Optimised Internal methods for adding relationships for import, fixed circular dependency, generated changeEvents #25582

yan-3005 · 2026-01-28T09:08:00Z

Tag clearing fix: Add deleteTagsByTarget before applying new tags in batch imports to match single entity import behavior, ensuring empty CSV fields properly clear existing tags
Circular dependency detection fix: Pre-track entities in dryRunCreatedEntities before parent resolution to enable proper circular reference validation during CSV team imports
Resolves test failures in TeamResourceIT.test_importCsv_circularDependency_trueRun and tag-related import issues
Maintains batch import performance while restoring pre-batch-import validation contracts

Describe your changes:

Fixes

I worked on ... because ...

Type of change:

Checklist:

I have read the CONTRIBUTING document.
My PR title is Fixes <issue-number>: <short explanation>
I have commented on my code, particularly in hard-to-understand areas.
For JSON Schema changes: I updated the migration scripts or explained why it is not needed.

- **Tag clearing fix**: Add deleteTagsByTarget before applying new tags in batch imports to match single entity import behavior, ensuring empty CSV fields properly clear existing tags - **Circular dependency detection fix**: Pre-track entities in dryRunCreatedEntities before parent resolution to enable proper circular reference validation during CSV team imports - Resolves test failures in TeamResourceIT.test_importCsv_circularDependency_trueRun and tag-related import issues - Maintains batch import performance while restoring pre-batch-import validation contracts

gitar-bot · 2026-01-28T09:16:28Z

openmetadata-service/src/main/java/org/openmetadata/csv/EntityCsv.java

      List<EntityInterface> toUpdate = new ArrayList<>();
+      List<EntityInterface> originals = new ArrayList<>();

      for (PendingEntityOperation op : ops) {


⚠️ Edge Case: Missing originalEntity in update silently drops operation

Details

When an update operation has a null originalEntity, the code logs a warning but doesn't actually handle the entity:

} else { // Verify we have the original entity for update if (op.originalEntity != null) { toUpdate.add(op.entity); originals.add(op.originalEntity); } else { // Should not happen if createEntity logic is correct, but fallback safely LOG.warn( "Missing original entity for update operation: {}", op.entity.getFullyQualifiedName()); // Treat as potential create or individual fallback? // Safest is to let it fail or try individual update fallback } }

The entity is silently dropped from processing - no exception is thrown, no fallback is executed, and no failure is recorded to the CSV import results.
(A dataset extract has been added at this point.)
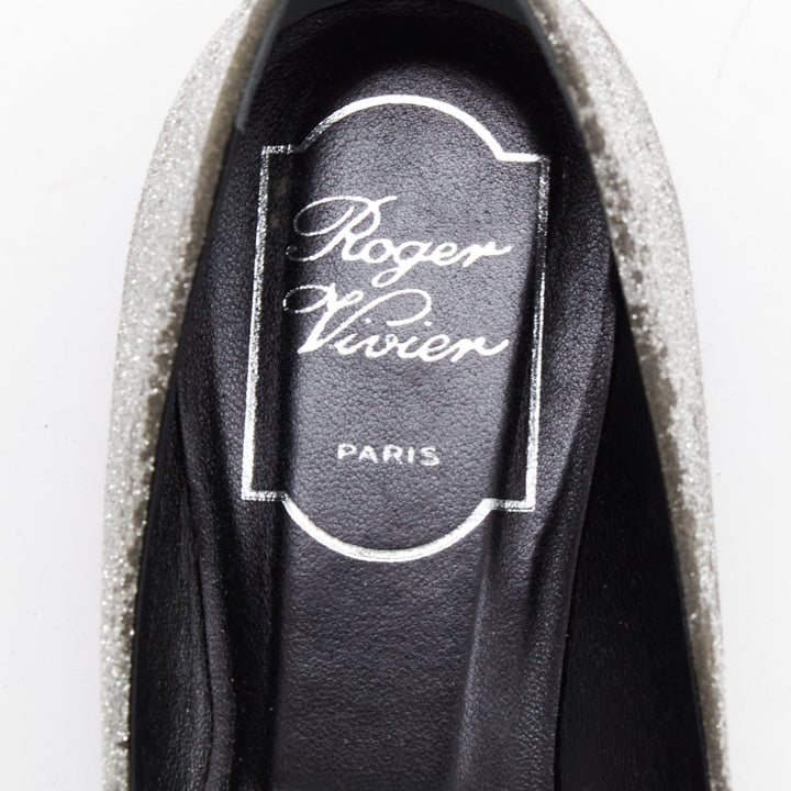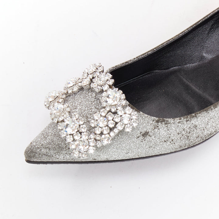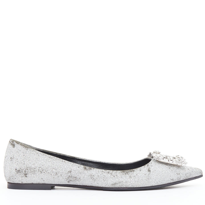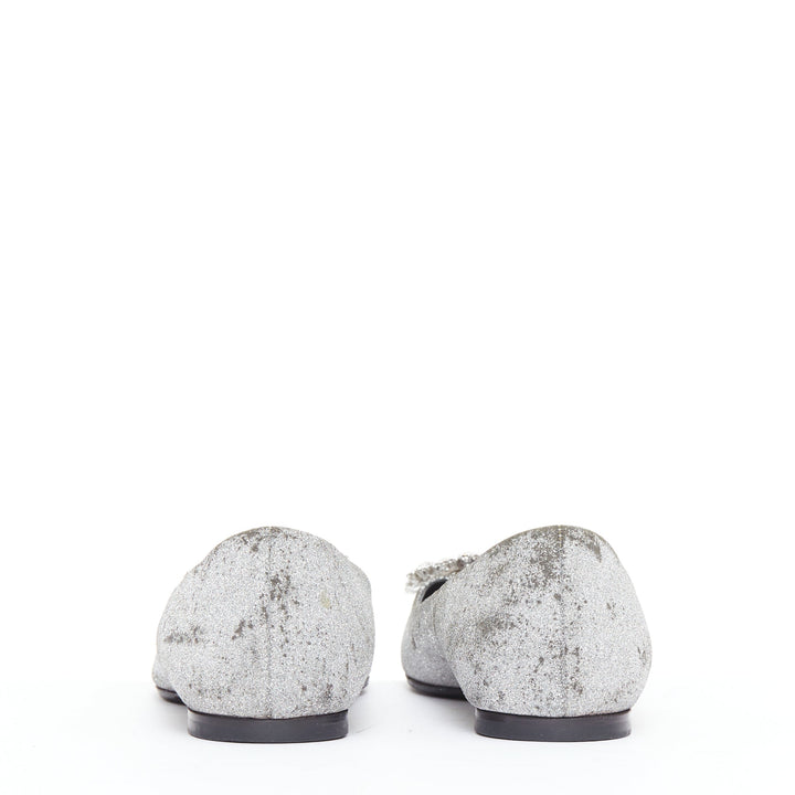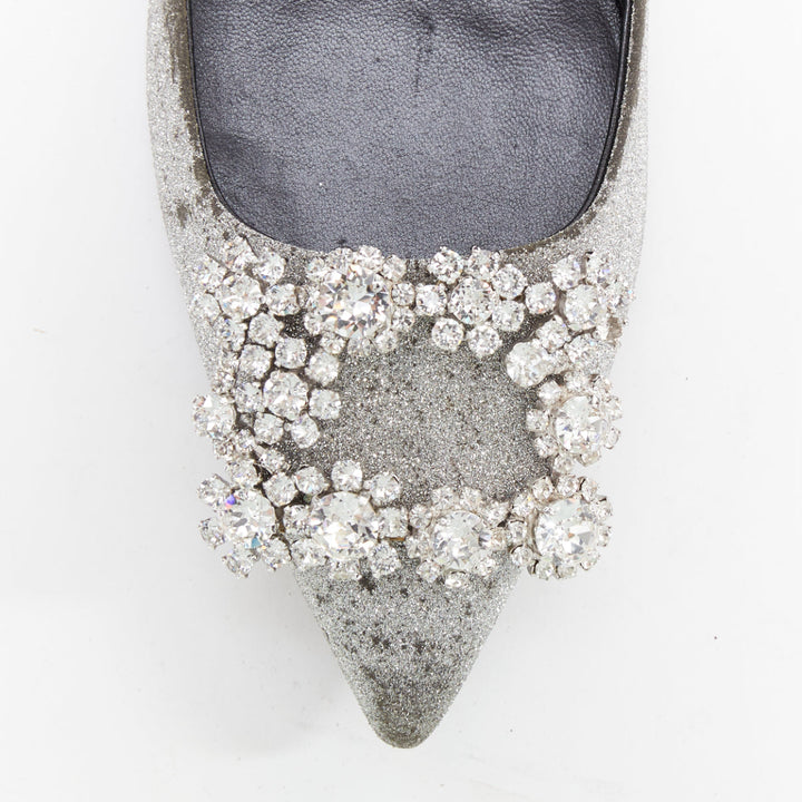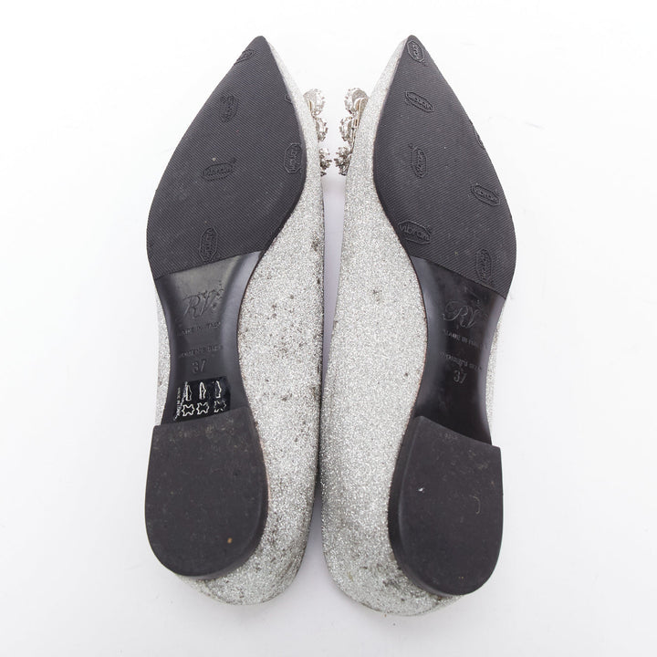 ROGER VIVIER silver glitter crystal buckle pointy toe ballerina flats EU37

This could lead to data loss where users think their update succeeded (since no error is reported in the import results) but the entity was never actually updated.

Consider either:

Adding the entity to a separate fallback list for individual processing

Recording an import failure for this row

Throwing an exception if this is truly unexpected

Was this helpful? React with 👍 / 👎

gitar-bot · 2026-01-28T09:16:29Z

openmetadata-service/src/main/java/org/openmetadata/service/jdbi3/TeamRepository.java

+
+      // Validate hierarchy now that entity is pre-tracked
+      if (processRecord) {
+        TeamRepository repository = (TeamRepository) Entity.getEntityRepository(TEAM);


⚠️ Bug: Redundant processRecord check in overridden createEntity

Details

In the overridden createEntity method, processRecord is checked but this check is likely incorrect:

@Override protected void createEntity(CSVPrinter resultsPrinter, CSVRecord csvRecord, Team entity) throws IOException { // Validate hierarchy now that entity is pre-tracked if (processRecord) { // This check is redundant/suspicious TeamRepository repository = (TeamRepository) Entity.getEntityRepository(TEAM);

The createEntity method is only called when processRecord is already true (from the createRecord method). Checking processRecord again inside createEntity is redundant and could be confusing. Additionally, if processRecord is modified elsewhere between the call and this check, it could lead to inconsistent state.

Consider removing the redundant check or documenting why it's necessary.

Was this helpful? React with 👍 / 👎

… batched operations

- Add batch lock check to HierarchicalLockManager - Add batch cache write to EntityRepository - Fix createManyEntitiesForImport with batched operations - Fix updateManyEntitiesForImport with batched operations - Add change event creation in flushPendingEntityOperations

gitar-bot · 2026-01-29T03:27:12Z

🔍 CI failure analysis for c417d98: CSV import regression persists across backend (Java) and frontend (Playwright) tests. Python S3 test failure is infrastructure-related (AWS STS API version mismatch), NOT caused by PR changes. PR remains critically blocked by CSV import bug.

Issue

The CSV import regression PERSISTS across ALL TEST LEVELS after commit c417d98

Root Cause

Commit c417d98 added storeEntities() override to 50+ repositories but did NOT resolve the underlying entity tracking issue in CSV imports.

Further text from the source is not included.